I love you more than that,
I do.

up

For Lyn, of course.

The Bahá’í Faith recently completed its yearly fasting period. This poem came to me when I suddenly awoke at 3:00 AM on the last night of the fast. I remember being shocked with the clarity and completeness of it: having a poem arrive like that is something that rarely happens to me. Although tired, I was able to force myself to stay awake long enough to memorize it, so that it would still be with me the next morning. Thankfully it was!

Thank you for reading I do. I humbly appreciate your visiting the Book of Pain, and as always, I look forward to your comments.

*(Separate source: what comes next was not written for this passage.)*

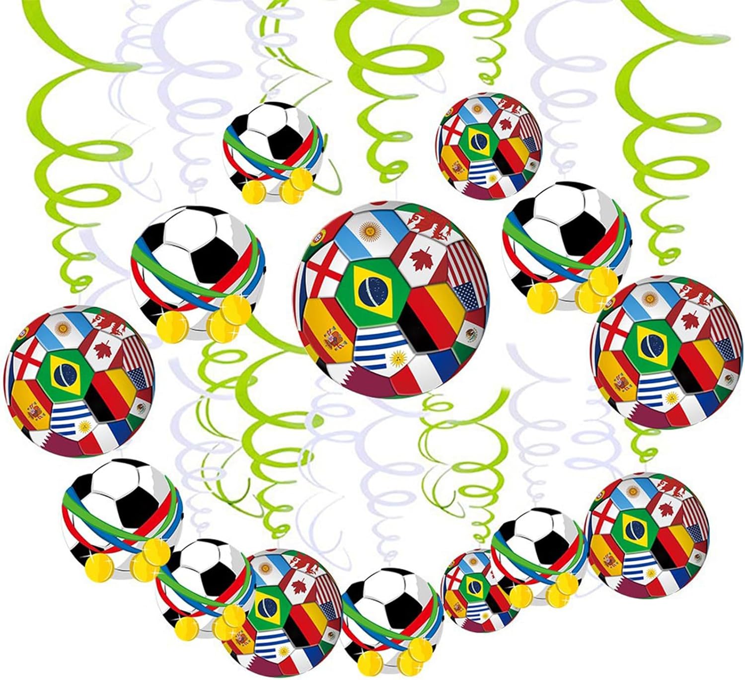 Include 30 vortici da appendere, adatti per la distribuzione di decorazioni sportive in famiglia, amici o eventi scolastici per creare un'atmosfera emozionante. Adatto per decorare pareti, mobili, stanze, ingressi, negozi e molto altro ancora. Ottimi oggetti di scena per eventi sportivi, eventi sportivi a tema e gioco. Inizia la tua festa con la decorazione, rendi la tua festa piena di atmosfera sportiva. Realizzato in carta e PVC, sicuro, stabile, non facile da scoppiare improvvisamente e riutilizzabile.

The photograph of Lyn praying at the side of a small river was taken several years ago during a fall holiday to the Poconos in eastern Pennsylvania. To see my photography blog, please visit the Book of Bokeh.

john

Photograph, poem and notes © John Etheridge; all rights reserved. The poem and accompanying notes are licensed under the Creative Commons Attribution-Noncommercial-No Derivative Works 3.0 Unported License. This applies to all original written work found on this site, unless noted otherwise. The attribution claimed under the license is: © John Etheridge,  https://bookofpain.wordpress.com. The photograph is not licensed for use in any way without the expressed consent of its creator.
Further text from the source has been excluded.